The Pan-Cancer Analysis of Whole Genomes (PCAWG) Consortium project, led by the International Cancer Genome Consortium (ICGC) and The Cancer Genome Atlas (TCGA), coordinated the sequencing and analysis of 2,583 tumor whole genomes across 38 cancer types. This impressively large project, comprising many working groups focusing on various molecular or genetic features of cancer, has generated valuable data for the cancer research community that will continue to be mined for many years to come.
Cancer genomics, or the genetic elucidation of tumors via genome sequencing, has deepened the knowledge of cancer biology and holds promise for improving therapies. These twin goals of fully understanding cancer processes and harnessing this information to guide clinical treatment, via genomic analysis, require enormous time, energy and resources. Fortunately, the PCAWG Consortium successfully organized an effort to characterize whole-genome sequences from more than 2,500 tumors across 38 cancer types. They have presented unified analysis pipelines and variant calls enabling the analysis of genomic features that are optimally studied through whole-genome sequencing, including non-coding variants and potential drivers, structural variants, retrotransposition events and mitochondrial variants, among others.
The PCAWG flagship paper published in Nature reports the identification of driver mutations (of which 91% of analyzed tumors have at least one) and provides a helpful overview of the main findings from the project. That there are approximately two dozen publications across five journals (Nature, Nature Communications, Nature Genetics, Nature Biotechnology and Communications Biology) reflects the breadth and depth of the project. There is a convenient online collection that allows for further exploration of the papers and the data.
Nature Genetics is delighted to feature five of these studies in our pages. Collectively, these studies show the advantage of having whole-genome sequencing information, because many of these analyses would have been more difficult to comprehensively perform with more targeted (for example, exome) approaches.
The PCAWG Structural Variation Working Group performed an analysis of the prevalence and characteristics of chromothripsis rearrangements, also known as ‘chromosome shattering’, by using a new approach that they developed called ShatterSeek. They find that chromothripsis patterns are more heterogeneous than previously described, in terms of how many chromosomes and structural variations are involved.
To understand how structural-variation distributions affect chromatin-folding domains in cancer, the same working group as above performed an analysis of 288,457 somatic structural variations identified across tumors in relation to topologically associated domains (TADs), identifying boundary-altering structural variations. Interestingly, although these rearrangements can have a large effect on the chromatin landscape, their correlation with changes in transcription is low.

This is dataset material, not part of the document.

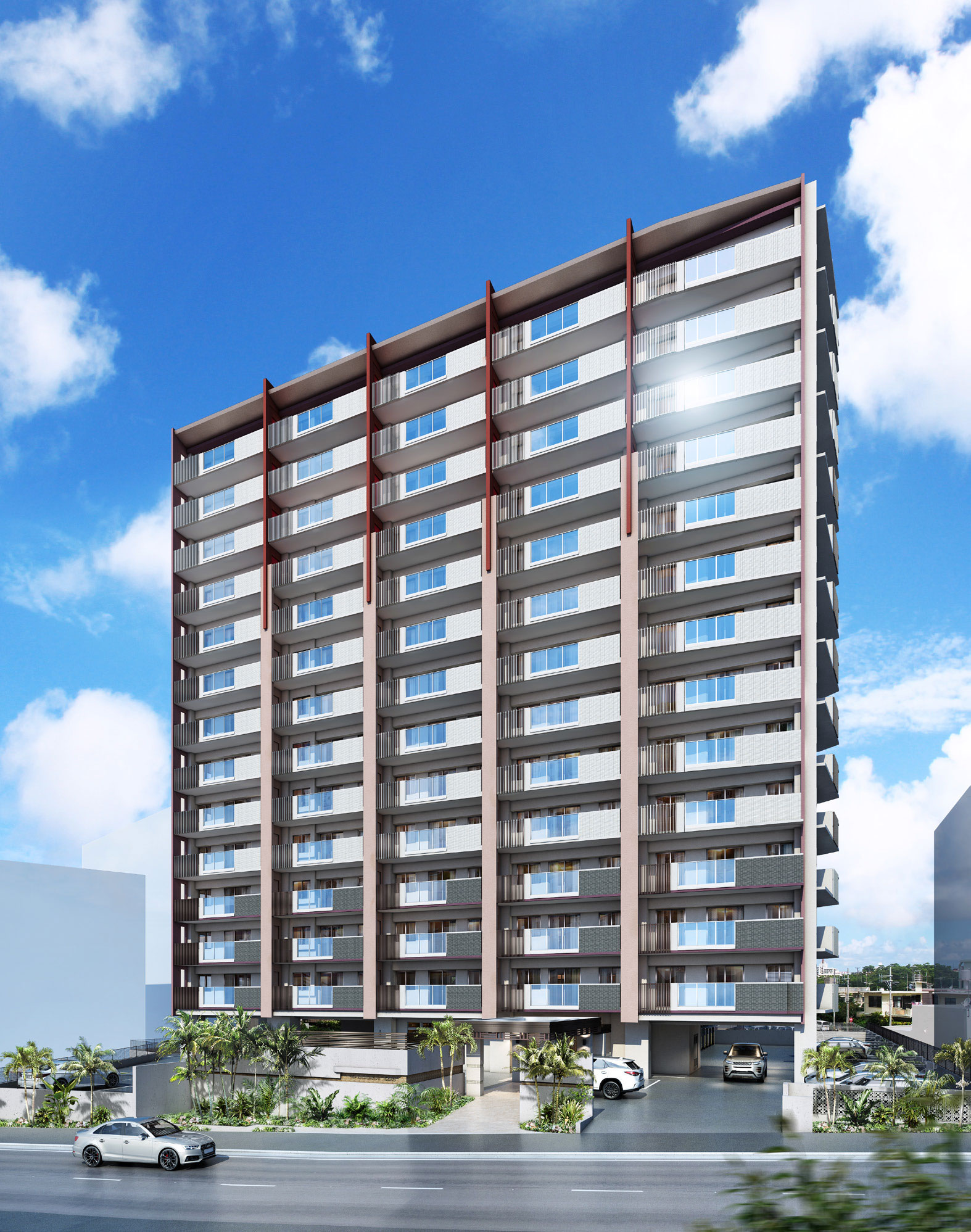 地上 14 階建全 65 世帯の大型マンションは、中城村の新たなランドマークとなる圧倒的な存在感。堂々としたス ケール感はありつつも、街並みと共存するよう、色合いなど緻密にデザインしたスタイリッシュなファサードも特徴の 1 つです。

Completing the trio of studies published in Nature Genetics coming from the PCAWG Structural Variation Working Group is an analysis of somatically acquired retrotransposition events, which identifies frequent LINE-1 insertions in certain cancer types and shows that these are capable of inducing large deletions and complex rearrangements.
Another particular advantage of analyzing whole-genome sequences is the ability to characterize mitochondrial somatic variants and analyze patterns in relation to cancer type. In another study, the authors identify 7,611 somatic substitutions and 930 indels from mitochondrial DNA in 2,536 cancer samples. They also analyze mutation signatures, finding that mitochondrial-specific and replication-related processes are responsible for most of the mitochondrial somatic mutations.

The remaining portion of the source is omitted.